It’s impossible for Shafik Rehman to have been involved in plot to kill anyone: Taleya

Wife of journalist Shafik Rehman, who has been arrested for his alleged link with a ‘conspiracy to abduct and murder’ Prime Minister Sheikh Hasina’s son, says he cannot be involved in a plot to kill anyone.

Senior Correspondentbdnews24.com
Published : 20 April 2016, 06:14 PM
Updated : 21 April 2016, 05:32 AM

Taleya Rehman has demanded the release of the chartered accountant-turned-magazine editor.

Speaking at a meeting at the National Press Club on Wednesday, she said, “He is scared of the sight of blood. That’s why he can’t take injections.

“Now, he is facing such an allegation at this old age! He is trying to kill someone? It’s impossible.”

Rehman was picked up by police detectives from his home at Dhaka's Eskaton on Saturday.

DMP Deputy Commissioner (Media) Maruf Hossain Sardar said Rehman had been shown arrested in a case concerning his alleged involvement in the ‘conspiracy to abduct and murder' Sajeeb Ahmed Wazed Joy.

Rehman was later produced before a Dhaka court, which granted police a five-day remand to question him.

Police claimed Rehman had admitted to have held meetings with a BNP leader’s son, Rizve Ahmed Caesar, who was sentenced to three and a half years in prison in the US in March last year for bribing a former FBI official to gather information regarding Joy as part of the plot.

Taleya said, “Shafik Rehman was picked up on a false and fabricated charge.

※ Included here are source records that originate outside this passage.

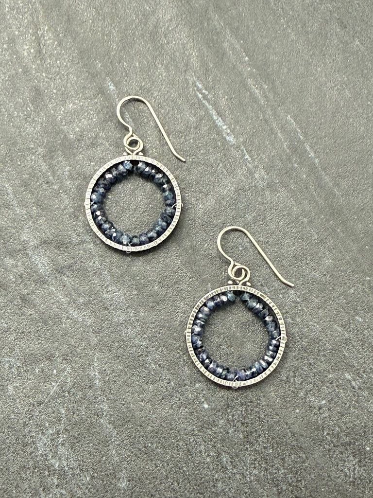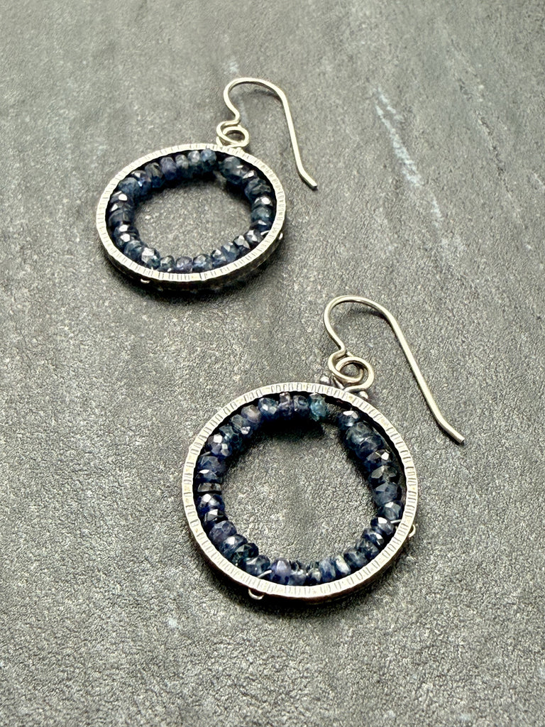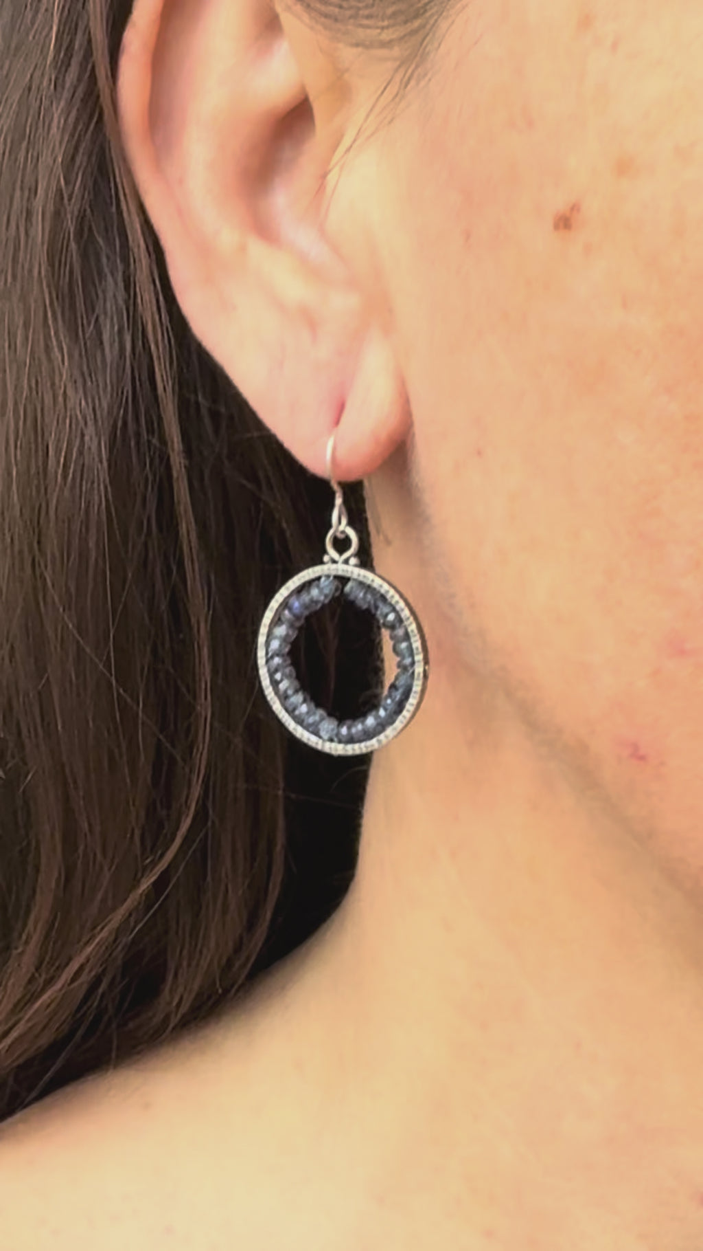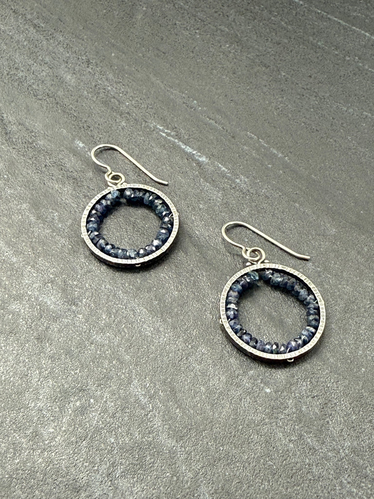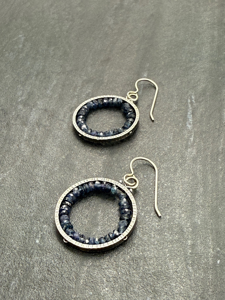 Faceted Blue Sapphire & oxidized sterling silver earrings
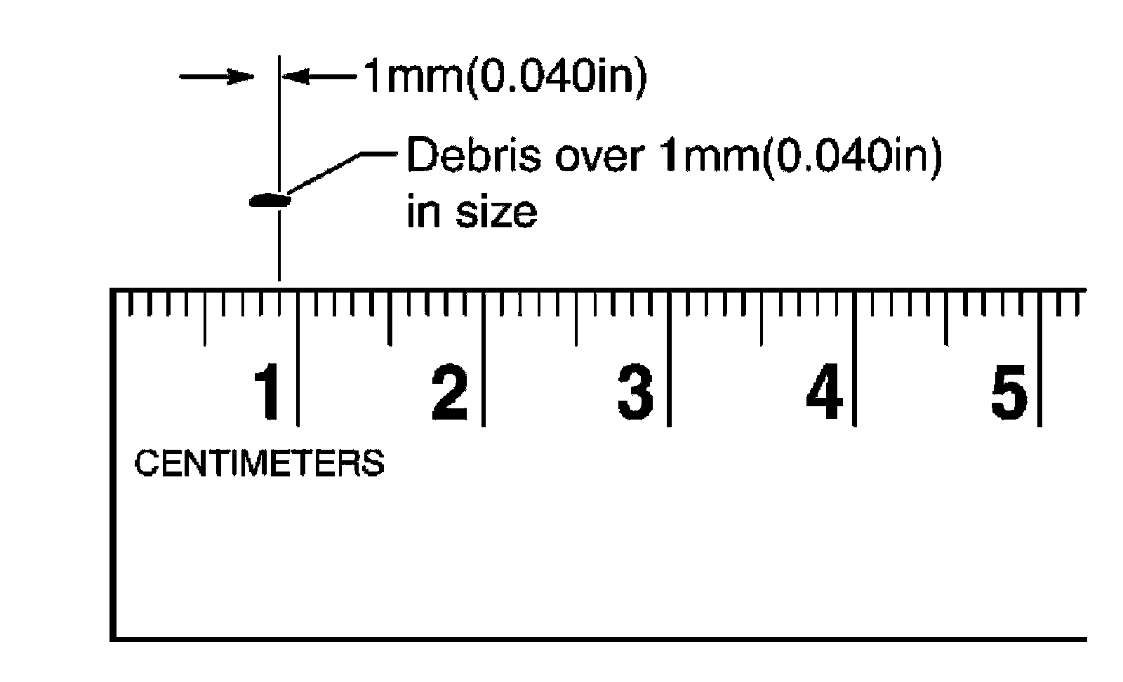 b) If one or more pieces of debris are found that are over 1mm (0.040 in) in size and/or peeled clutch facing material is found in the coffee filter, the fluid cooler is not serviceable. The A/T fluid cooler/radiator must be replaced and the inspection procedure is ended.
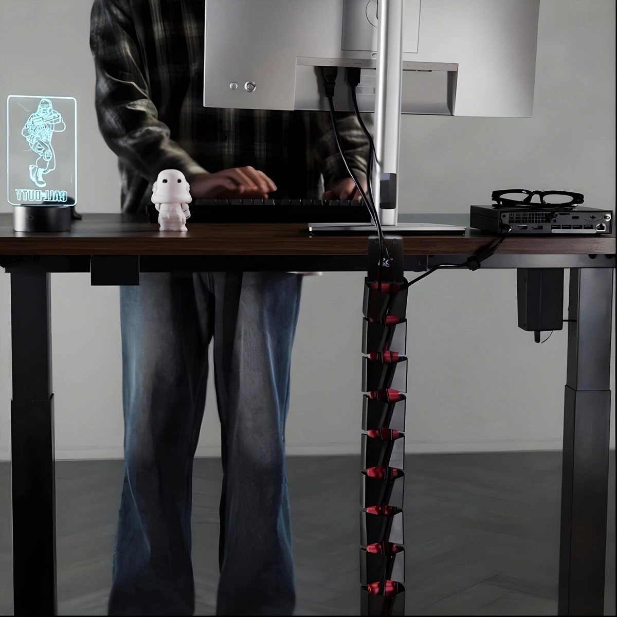 Černé segmenty s červenými klouby perfektně zapadají do herního stylu a zdůrazňují charakter vašeho pracoviště. Díky délce 1345 mm je ideální i na větší stoly, a pokud je třeba, můžete délku zkrátit odstraněním jednotlivých modulů. Tento organizer nejen zlepšuje vzhled vašeho setupu, ale také usnadňuje správu kabelů, čímž snižuje riziko jejich poškození. Je to malý detail, který dělá velký rozdíl, zvláště pokud dbáte na pořádek a styl.
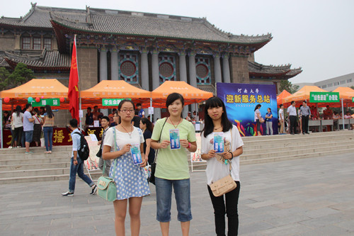 在学长们的引导下,新生们积极参加活动,14级新生谭覃拿着盖好章的“鉴宝图”欣喜地说:“游玩参观了一圈儿,真的长见识啦!感觉自己报考河大真是报对了!今天的校园之旅让我对大学生活充满了期待!”
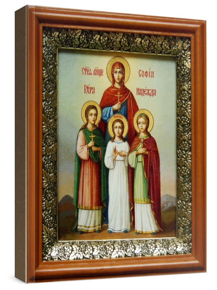Икона вера, надежда, любовь и софия (19х22), светлый киот. Лик нанесен методом шелкографии на художественном холсте и покрыт специальным лаком, что обеспечивает долгую сохранность яркости красок (гарантия - 20 лет). Полный размер иконы с киотом: 19x22 см. Икона под стеклом. Киот (рамка) изготовлен из березы и украшен басмой (узор из черненой меди в виде виноградной лозы).
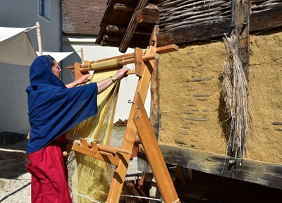 Foto (Alamannenmuseum,Ursula Maier): Am 18. Mai ist im Alamannenmuseum ein erlebnisreiches Programm für Jung und Alt mit zahlreichen Mitmachaktionen geboten * hier Antje Poppitz,die an diesem Tag am Webstuhl im Museumshof auftritt
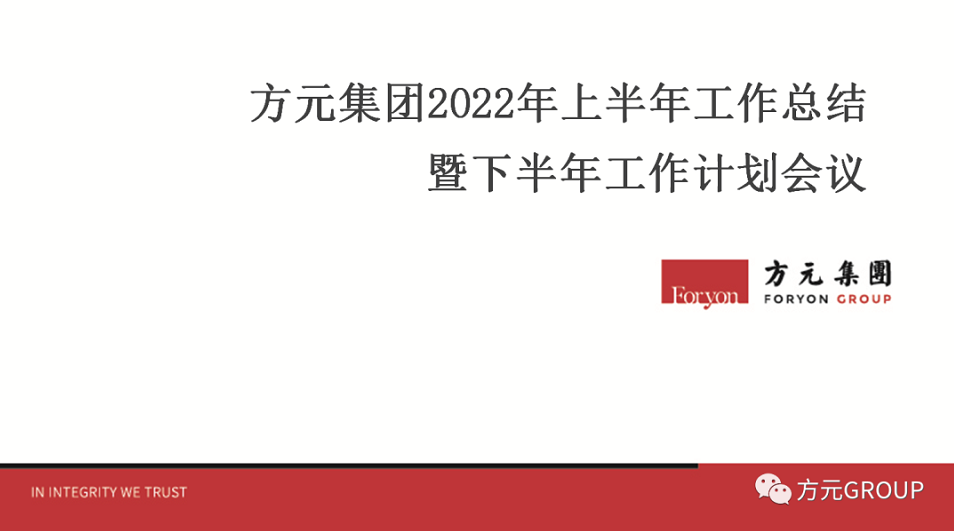 星霜荏苒,居诸不息。2022年是方元集团第二个十年的开局之年,也是集团三年战略规划的收官之年,转眼间2022已然过半,在集团领导班子的正确领导下,集团各业务板块外拓市场,内抓管理,不断创新突破,在面临上半年市场复杂多变的情况下,依然取得了良好的成绩。 为全面总结集团上半年的经营成果,对下半年工作进行详细的布局规划,2022年7月16日,在集团总部23楼多媒体会议室召开了方元集团2022年上半年工作总结暨下半年工作计划会议。方元集团董事长杜宏,监事长汪雅娣等领导出席会议,集团各单位中层及以上全体管理干部参加了此次会议。集团总裁办公室总经理任盼主持本次会议。 会上,集团各单位总助级及以上领导、集团职能部门负责人分别就2022年上半年工作依次作了详尽的工作汇报,总结了上半年工作情况,对工作开展中遇到的问题进行了深入的剖析,并提出了解决措施。同时,针对下半年工作开展进行了细致的规划,确保圆满完成全年任务目标。 回顾上半年,在外需放缓、内需波动的经济下行的大环境中,方元集团全体员工上下一心,积极拥抱监管和变化、创新求变,在“危”中找“机”,不断提升金融服务质量和水平,在转型升级道路上迈出了坚实步伐,并取得了亮眼成绩。 集团副总裁党信涛 集团董事长杜宏 成绩属于过去,未来仍需砥砺。方元集团董事长杜宏在总结发言中表示,我们正处在一个充满挑战的发展时期,要善于从细微处洞察新机,坚持合规管理、聚焦核心主业、加强投研力量,进一步完善集团人才培养机制和人才梯队建设,稳中求进。同时对每一个方元人提出更高的要求,要求全体员工和管理者应以更加积极,严谨认真的心态去迎接挑战,不断提升自我的专业能力和综合管理能力,团结一致,努力精进,在实现自身价值提升的同时,为企业高质量、稳健发展贡献力量。

Such an allegation has been levelled against the man who has introduced Valentine’s Day (in Bangladesh) and who loves the country.”

The Democracy Watch executive director highlighted Rehman’s role in Bangladesh’s Liberation War and demanded his immediate release.

“He is now an old man and sick. I don’t want him to languish in jail,” she said.

The meeting was arranged to demand his release.

Shafik Rehman, who holds both British and Bangladesh passports, is an accountant by training who has had on-and-off presence in the media almost throughout his life.

He came to prominence in the 1980s with his 'Jai Jai Din', a weekly views-magazine that often carried articles critical of General HM Ershad. His satirical piece –Diner por din– became popular with the middle class opposed to the military rule.

But his foray into mainstream journalism produced two super flops – first, 'Jai Jai Din Protidin,' which survived just 37 days in 1999 and then, during the 2001-6 BNP administration, Bashundhara Group-backed daily Jai Jai Din which lasted a little over four months. The ownership of daily Jai Jai Din later changed hands as Rehman departed and the paper failed as a business.

He has been the host of a lifestyle and chat show 'Lal Golap' on Bangla Vision tv channel.

He now edits a little-known magazine 'Mouchake Dhil'. He did some part-time work (translator/news reader) in London with the BBC's World Service.